● **Task item**
Copy the closing run of lines, from the one with "3-in-1 Wireless Bluetooth" through the last line of the listing, exactly and without any pictures.

● **Supplied records**

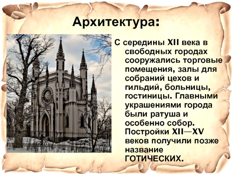 города были ратуша и особенно собор. Постройки XII—XV веков получили позже название ГОТИЧЕСКИХ.
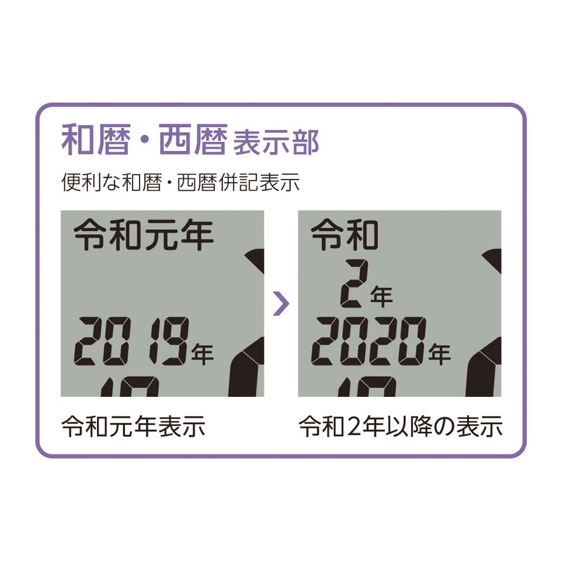 元号と西暦を併記で表示する電波時計 ●電波受信OFF ●フルオートカレンダー ●電子音アラーム ●西暦・和暦併記 ●スヌーズ ●六曜表示 ●温度・湿度表示 ●アラームモニター ●12/24時間制切替式 ●掛置兼用
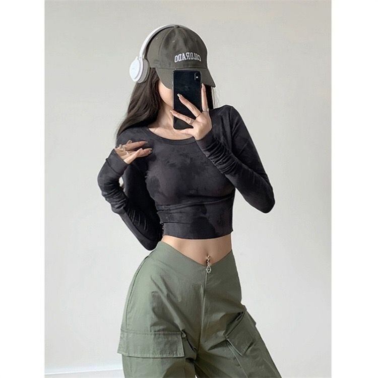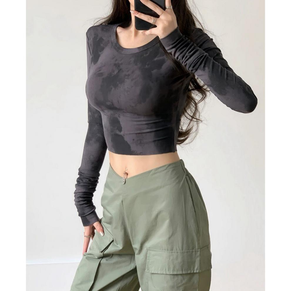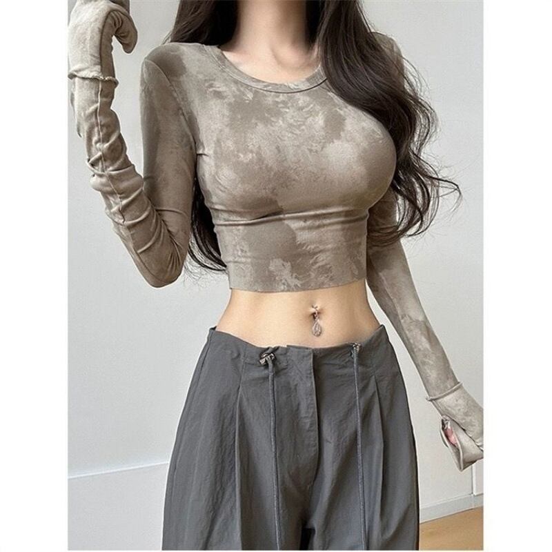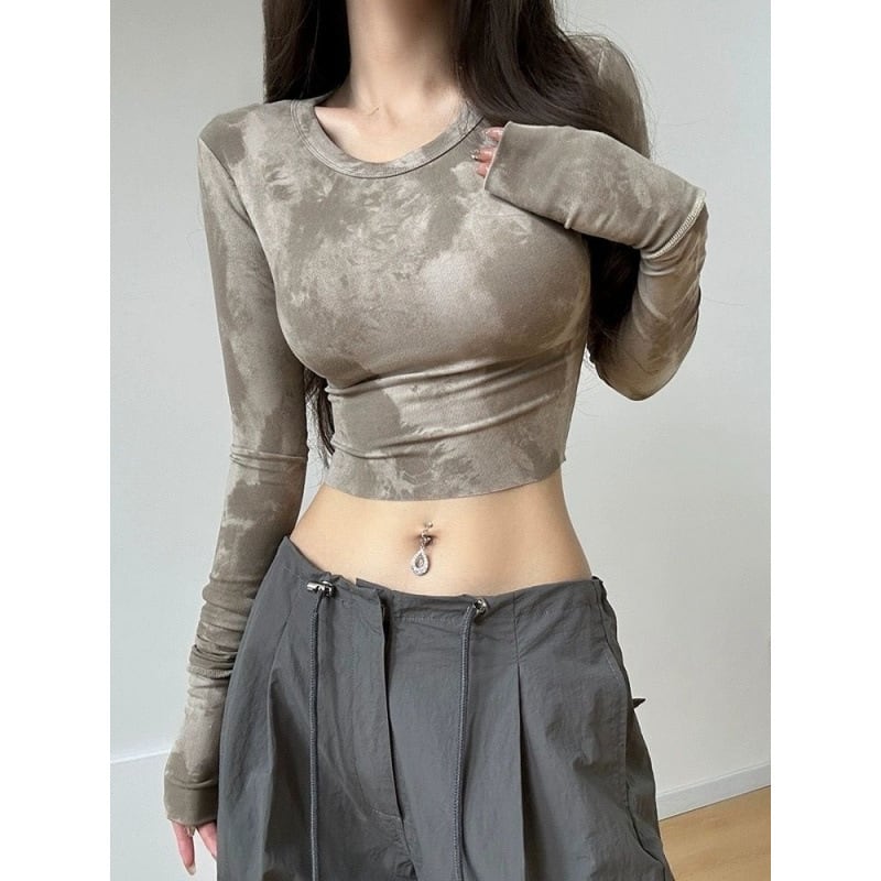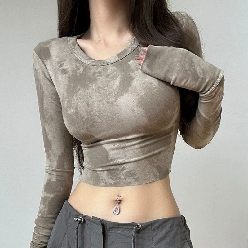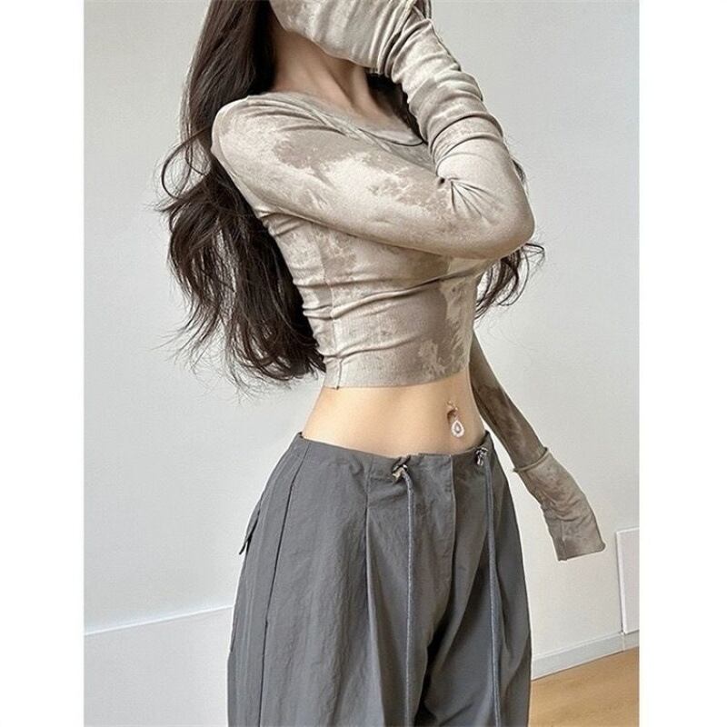 【グレー】マーブル柄 タイダイ 長袖トップス レディース 立ち襟 タイトフィット Y2K ギャル系 伸縮カットソー インナーにも使えるショート丈カットソー 全2色 S?XL
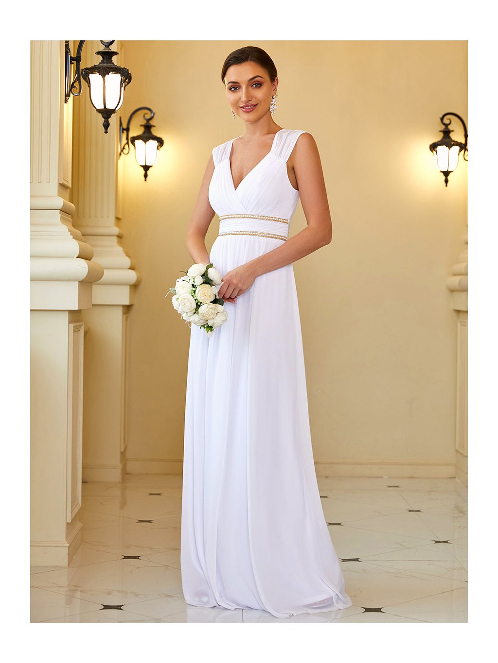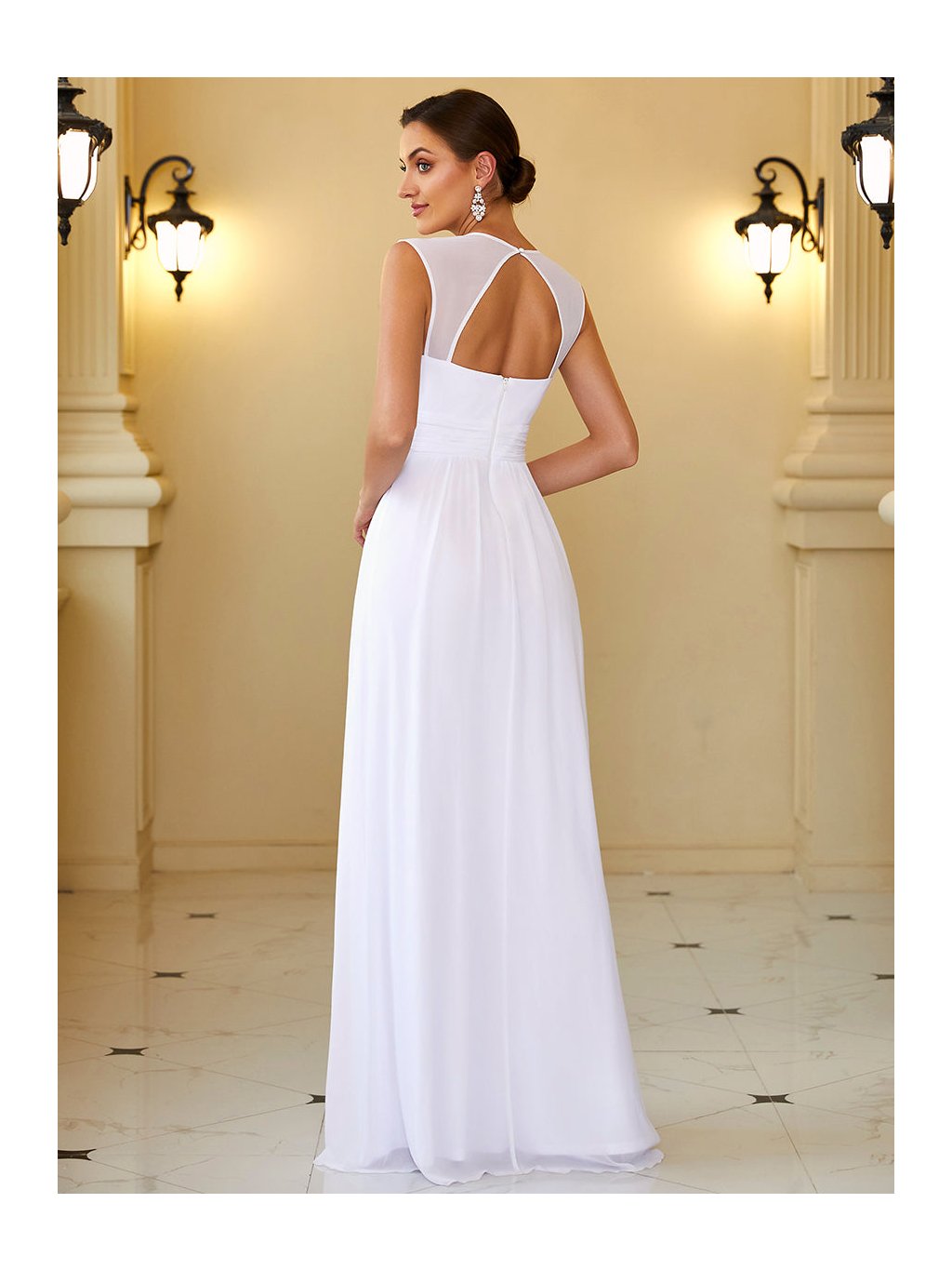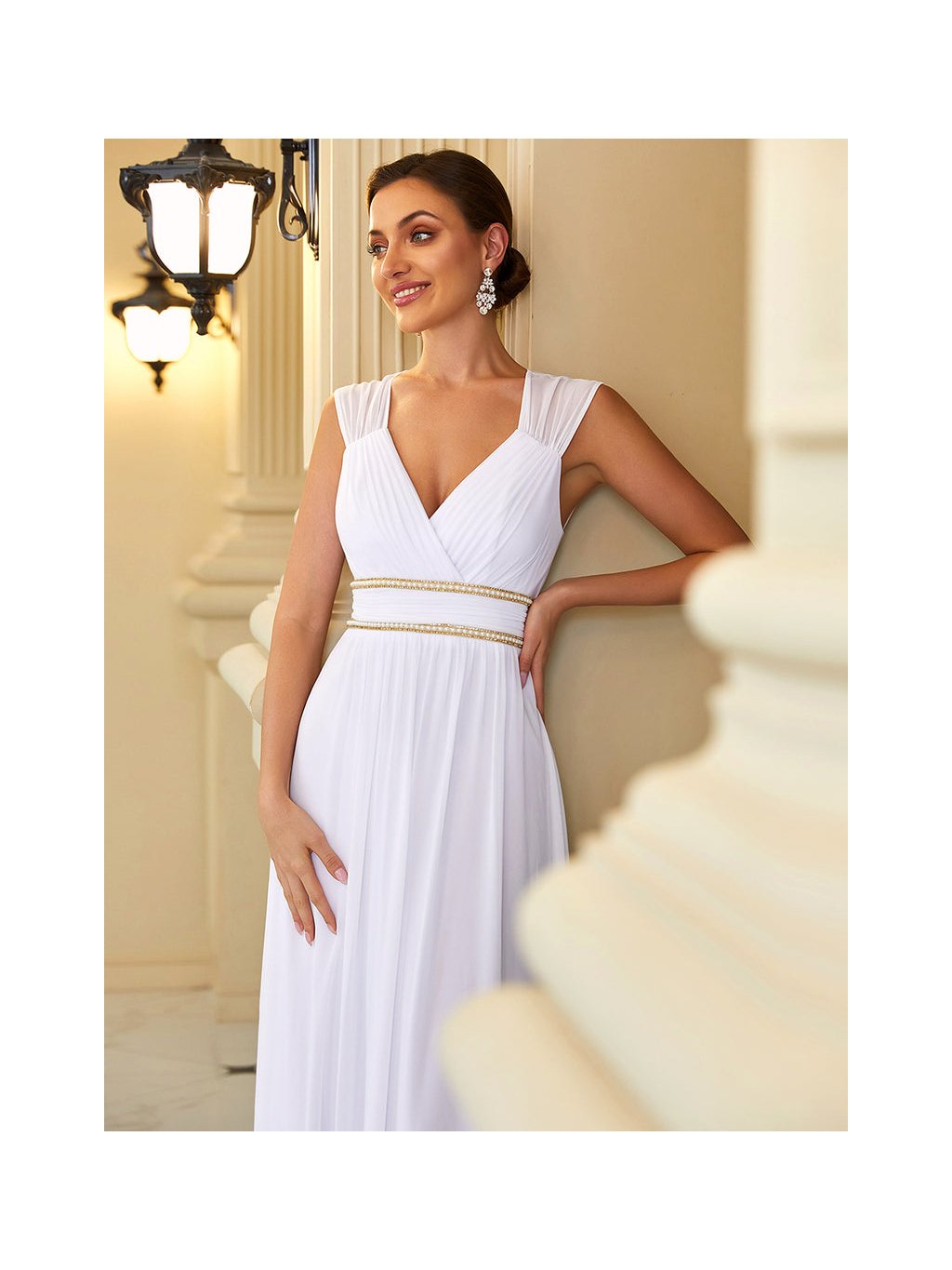 Bílé šifónové šaty s véčkovým výstřihem. Pod prsy jsou dva pásy s kamínky. Vzadu zajímavě vystřižené záda. Zapínání na zip na zádech. Saténová spodnička.
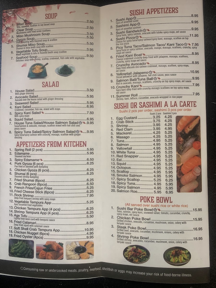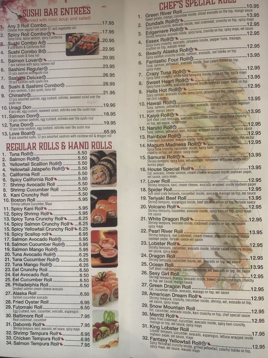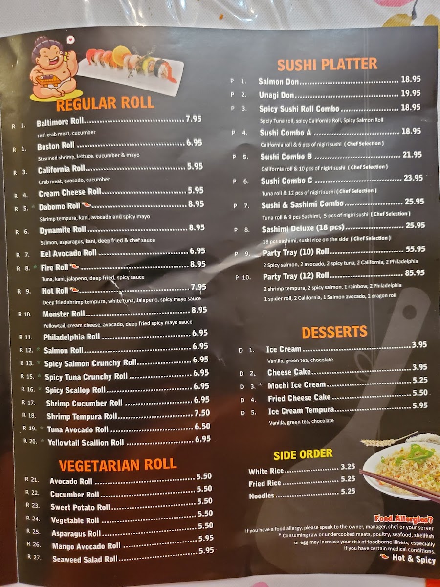 The menu at Dundalk Seafood & Sushi offers a wide variety of delicious options, perfect for sushi lovers and those seeking hibachi-style meals. For appetizers, they have unique choices like the Fried Kani Boat and Sushi Sandwich, along with the flavorful Salmon BallCrunchy Avocado. The hibachi section features options such as the Hibachi Steak & Salmon and Hibachi Chicken & Scallop. If you're in the mood for something lighter, you can enjoy sides like Hibachi Fried Rice or Sushi Rice, as well as soups like Miso Mushroom Soup and Vegetable Tofu Soup. The sushi rolls are plentiful, with favorites like the Spicy California Roll and Spicy Tuna Crunchy Roll, alongside more unique rolls like the Monster Roll and 007 Roll. For those looking to build a meal, the Bento options are a great choice, including Shrimp Teriyaki Bento and Pork Katsu Bento. Don’t miss the chef’s special rolls, such as the Hella Hot Roll and Volcano Roll, as well as refreshing Poke Bowls like the Steak Poke Bowl. For dessert, try the indulgent Fried Cheese Cake or classic Cheese Cake. Whether you’re enjoying a sushi bar entrée like the Tuna Don or opting for a party tray, Dundalk Seafood & Sushi’s diverse menu has something to satisfy every craving.
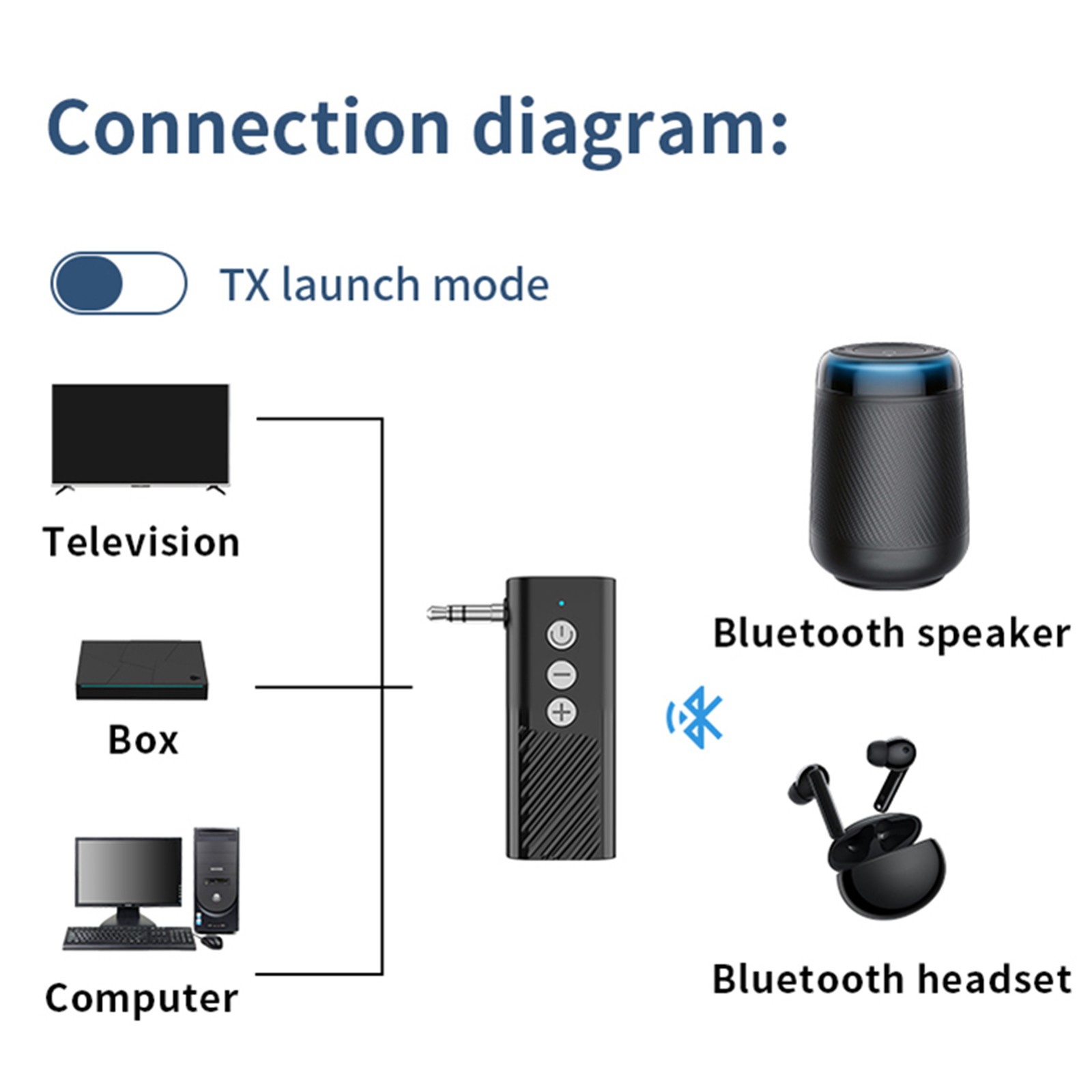 3-in-1 Wireless Bluetooth ABS Black 5.3 Transmitter Receiver Adapter Audio
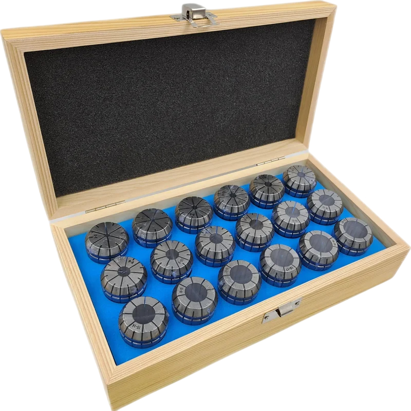Цанги ER изготовлены из специального эластичного стального материала 65Mn. Мощная фиксация, высокая точность. Используется для растачивания, фрезерования, сверления, нарезания резьбы, шлифовки, гравировки и т. д. Точность биения: 0,008 мм. В комплекте 18 цанг размером от 3 до 20 мм.
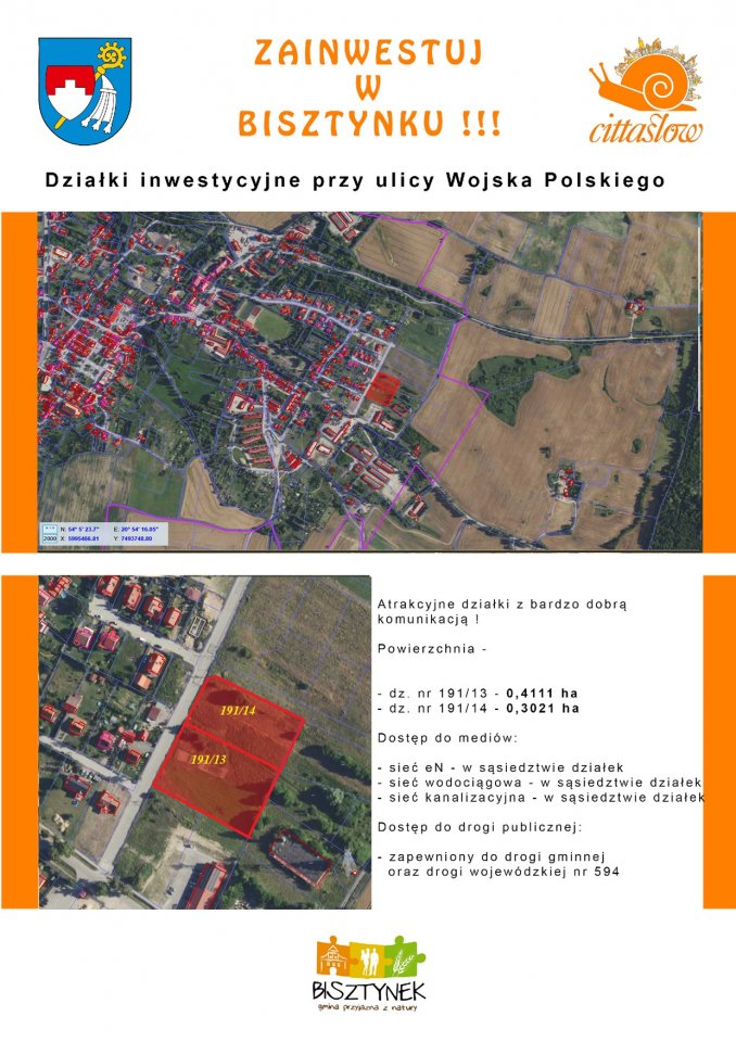 Gmina Bisztynek posiada tereny przeznaczone pod inwestycje o charakterze przemysłowym, usługowym i mieszkaniowym.

● **Exercise answer**
 3-in-1 Wireless Bluetooth ABS Black 5.3 Transmitter Receiver Adapter Audio
Цанги ER изготовлены из специального эластичного стального материала 65Mn. Мощная фиксация, высокая точность. Используется для растачивания, фрезерования, сверления, нарезания резьбы, шлифовки, гравировки и т. д. Точность биения: 0,008 мм. В комплекте 18 цанг размером от 3 до 20 мм.
 Gmina Bisztynek posiada tereny przeznaczone pod inwestycje o charakterze przemysłowym, usługowym i mieszkaniowym.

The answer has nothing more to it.